10.6. Validation Settings#
The validation settings guide how to assess the model’s performance during training. You can explore these parameters in the Validation Settings section.
Validation is critical when using models in marine science, as ocean environments are highly variable, and incorrect model validation can lead to false conclusions. For example, if you’re monitoring coral bleaching events, validation ensures that the model accurately differentiates between healthy and bleached coral, which directly impacts conservation efforts.
10.7. Export Settings#
Exporting a model for deployment involves adjusting settings like the target format (ONNX, TorchScript, etc.). Find detailed instructions in the Export Settings.
Exporting trained YOLO models in a marine context allows for their integration into field tools like AUVs or drones. By deploying models directly onto these devices, researchers can conduct in-situ analyses of underwater ecosystems, automatically identifying species or mapping features without needing constant human input. This is essential for remote, long-term monitoring projects.
10.8. Augmentation Settings#
Augmentation techniques introduce variability into training data to help the model generalize better. Learn how to apply these techniques in the Augmentation Settings.
Marine environments are highly variable, with changes in water clarity, light, and object appearance. Augmentation techniques, like flipping or changing brightness, simulate these variations, allowing YOLO models to perform well under different conditions. For example, augmenting images of fish in low-light conditions can help the model generalize better when deployed in deep-sea environments.
10.9. Logging, Checkpoints, and Plotting Settings#
Proper logging, checkpointing, and plotting are crucial for tracking your model’s progress. Details on how to implement these are available in the Logging, Checkpoints, and Plotting Settings.
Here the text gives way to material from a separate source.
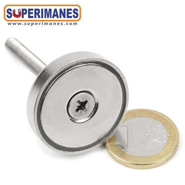 ¡Es un imán en recipiente metálico! Para atornillar. Un imán muy práctico. Disco magnético con una fuerza de sujeción de casi 30 kg. Muy útil para un sujetar o levantar objetos gruesos, usado en cierres, experimentos, magia, juegos, motores, generador corriente eléctrica, turbinas eólicas, automoción, limpieza magnética, separación magnética, etc. Con aplicaciones en laboratorios, universidades, hogares, oficinas y cualquier otro lugar donde llegue su imaginación.

In marine research, monitoring the progress of your model during training is essential, especially when working with datasets collected in extreme conditions like the deep sea. Logging ensures that researchers can keep track of where models perform well or need improvement, while checkpointing allows training to resume if interrupted. Visual plots can help compare results across different environmental conditions, providing insights into model performance across multiple marine ecosystems.
10.10. Next Steps#
The next lessons will make heavy use of these parameters. It’s important to know them well to optimize training and inference performance. Bookmark the Ultralytics YOLO documentation to stay updated on new features and default values.
In marine science, understanding these settings can significantly enhance your ability to build accurate, deployable models. Whether you’re studying marine life in shallow coastal areas or monitoring deep-sea ecosystems, mastery of these YOLO parameters ensures your model can handle the complexities of underwater environments.